For color RGB images, simply repeat the process on each channel separately,
or even apply it to a different colorspace (HSV, Lab*, etc...)
Here is a sample implementation:
function img = correctLighting(img, method)
if nargin<2, method='rgb'; end
switch lower(method)
case 'rgb'
%# process R,G,B channels separately
for i=1:size(img,3)
img(:,:,i) = LinearShading( img(:,:,i) );
end
case 'hsv'
%# process intensity component of HSV, then convert back to RGB
HSV = rgb2hsv(img);
HSV(:,:,3) = LinearShading( HSV(:,:,3) );
img = hsv2rgb(HSV);
case 'lab'
%# process luminosity layer of L*a*b*, then convert back to RGB
LAB = applycform(img, makecform('srgb2lab'));
LAB(:,:,1) = LinearShading( LAB(:,:,1) ./ 100 ) * 100;
img = applycform(LAB, makecform('lab2srgb'));
end
end
function I = LinearShading(I)
%# create X-/Y-coordinate values for each pixel
[h,w] = size(I);
[X Y] = meshgrid(1:w,1:h);
%# fit a linear plane over 3D points [X Y Z], Z is the pixel intensities
coeff = [X(:) Y(:) ones(w*h,1)] \ I(:);
%# compute shading plane
shading = coeff(1).*X + coeff(2).*Y + coeff(3);
%# subtract shading from image
I = I - shading;
%# normalize to the entire [0,1] range
I = ( I - min(I(:)) ) ./ range(I(:));
end
Now lets test it on the given image:
img = im2double( imread('http://i.stack.imgur.com/JmHKJ.jpg') );
subplot(411), imshow(img)
subplot(412), imshow( correctLighting(img,'rgb') )

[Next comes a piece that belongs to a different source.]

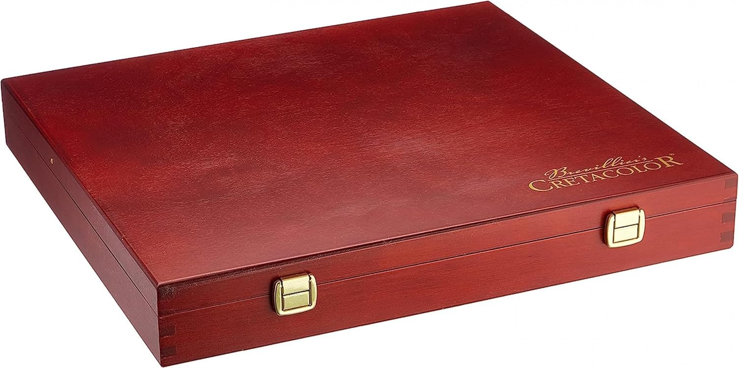 The Selection Pro Drawing Set comes in an exclusive two-tier wooden case and includes a complete assortment for the demanding artist. It includes pencils and leads, sanguine, sepia, white and black chalk, charcoal, Nero, Graphite Aquarell and Monolith Graphite, brown and gray chalks, charcoal and graphite sticks, a blending stick, a lead holder, kneadable eraser, artist's sharpener, chalk holder and lead sharpening board.

subplot(413), imshow( correctLighting(img,'hsv') )
subplot(414), imshow( correctLighting(img,'lab') )
The difference is subtle, but it might improve the results of further image processing and OCR task.
EDIT: Here is some results I obtained by applying other contrast-enhancement techniques IMADJUST, HISTEQ, ADAPTHISTEQ on the different colorspaces in the same manner as above:
Remember you have to fine-tune any parameter to fit your image...

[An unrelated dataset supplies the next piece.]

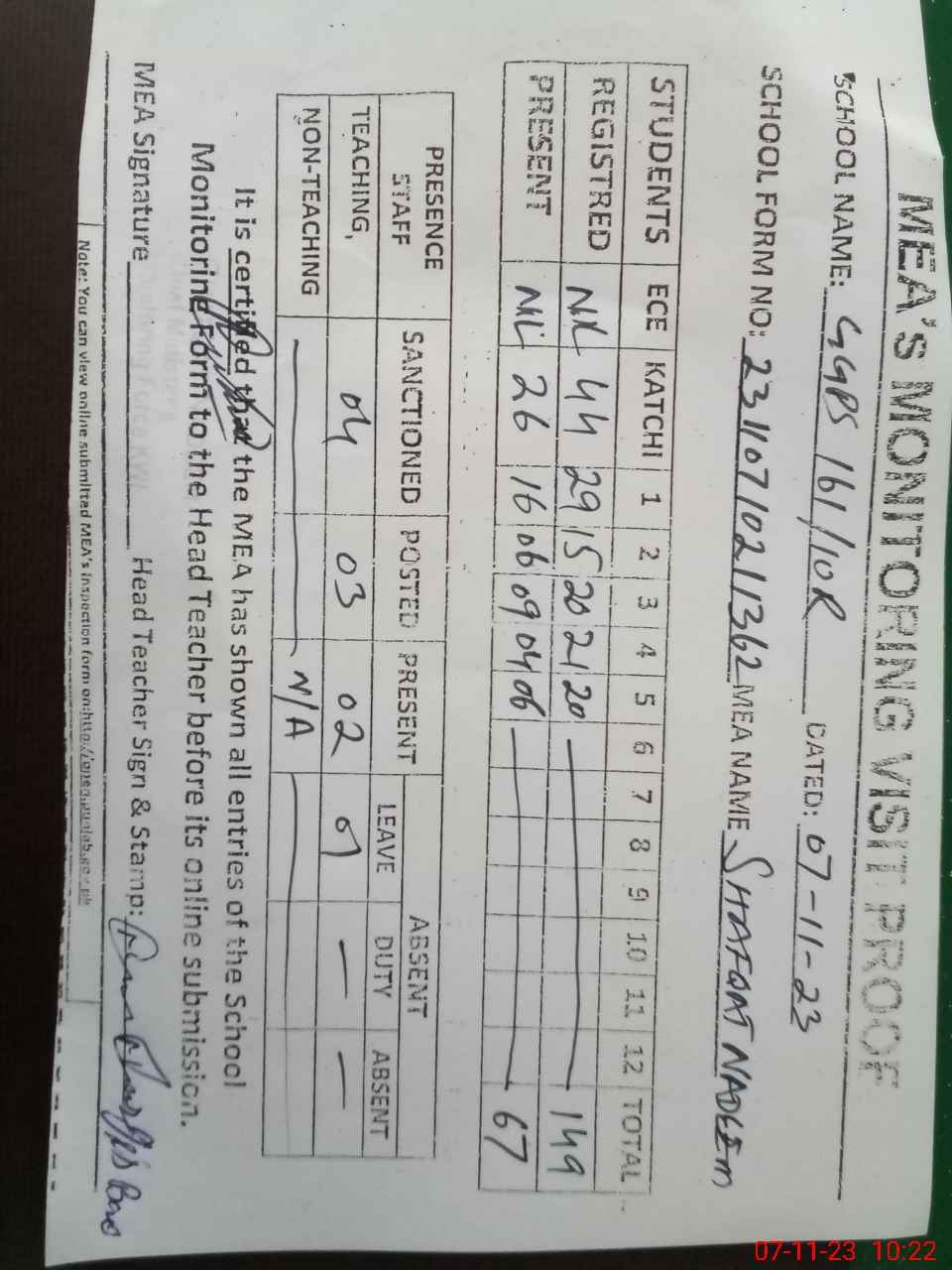 | Attendance Register | Head Teacher | MEA with School | Visit Proof |

It looks like your question has been more or less answered already (see d00b's comment); however, here are a few basic image processing tips that might help you here.

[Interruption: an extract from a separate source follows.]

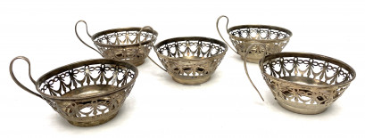 Lot Description:Five Sterling Silver Teacup Frames, Charles S Green & Co Ltd, Birmingham, 1910

First, you could try a simple imadjust. This simply maps the pixel intensities to a "better" value, which often increases the contrast (making it easier to view/read). I have had a lot of success with it in my work. It is easy to use too! I think its worth a shot.
Also, this looks promising if you simply want a higher resolution image.
Enjoy the "pleasure" of image-processing in MATLAB!
Good luck,
tylerthemiler
P.S. If you are flattening the image to binary tho, you are most likely ruining the image to start with, so don't do that if you can avoid it!
As you only want to find digits (of which there are only 10), you can use cross-correlation.
For this you would Fourier transform the picture of the plate. You also Fourier transform a pattern you want to match a good representation of a picture of the digit 1. Then you multiply in fourier space and inversely Fourier transform the result.
In the final cross-correlation, you will see pronounced peaks, where the pattern overlaps nicely with your image.
You do this 10 times and know where each digit is. Note that you must correct the tilt before you do the cross correlation.
This method has the advantage that you don't have to threshold your image.
There are certainly much more sophisticated algorithms in the literature for assigning number plates. One could for example use Bayes theory to estimate which digit would most likely occur (this helps a lot if you already have a databases of possible numbers).